GPoeTry

Github repository here.

This is an ongoing project, which is mostly based around a bet between my brother and I: he claims that AI written poetry will never be on par with human written poetry. I think that might be true today, but not over the long run. This project is a simple test. I used public domain poems and OpenAI’s GPT3 API to generate and curate a sample of AI poems, and then built a quick site to test whether people could tell them apart. At the moment, the site isn’t public - OpenAI’s usage terms require me to get approval first (because the site serves static content rather than offer API access, it should be okay), and I’ll hopefully update this with a visible project soon!

Working With GPT3

The most interesting part of the project was experimenting with getting GPT3 to write novel poetry.

GPT3 is willing to offer up poems super easily! If you give it a prompt like “Below is a poem written by GPT3.\nTitle:” GPT3 will happily run with the input and write something up. However, I found this often produced exact copies of existing poems. This was especially true when adding in an author as a hint - GPT3 is constantly predicting the next token, and it makes sense that real poems would have a high probability of matching the input at any point. I tried prompting GPT3 with keywords like “novel” and “new”, but didn’t have too much luck. What consistently got GPT3 to write something that a quick search couldn’t identify as pre-existing was a novel poem title. If you gave it that prompt, it would happily write away! In order to keep tone consistent, I fed GPT3 a prompt starting with “Below is a list of poems”, one real example poem, and then a fake title: under that setting, GPT3 tends to write poems matching the style of the example poem, but with novel content. This left one challenge: generating titles for poems. I’m not sure my solution is perfect, but what I did in the end was straightforward; I fed GPT3 poem titles by an author as a list, and took the next one it completed as my input. I was worried this might turn up real titles, but didn’t observe that in practice.

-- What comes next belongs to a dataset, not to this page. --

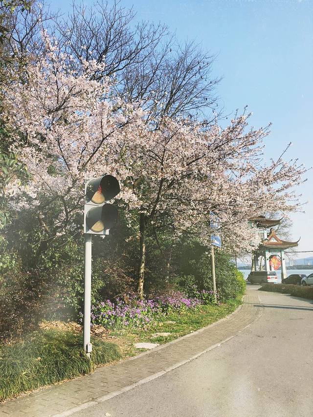 被我们发现一处好美的景色,若隐若现的樱花树~

Ultimately, I think there’s something to Gwern’s argument about prompt programming; even though GPT3 does a massive amount of work for you, finding prompts for effective output still requires practice and thought!

Disclaimer from the OpenAI usage regulations: I generated all AI poem output of this project in part with GPT-3, OpenAI’s large-scale language-generation model. Upon generating draft language, I reviewed, edited, and revised the language to my own liking and take ultimate responsibility for the poem content.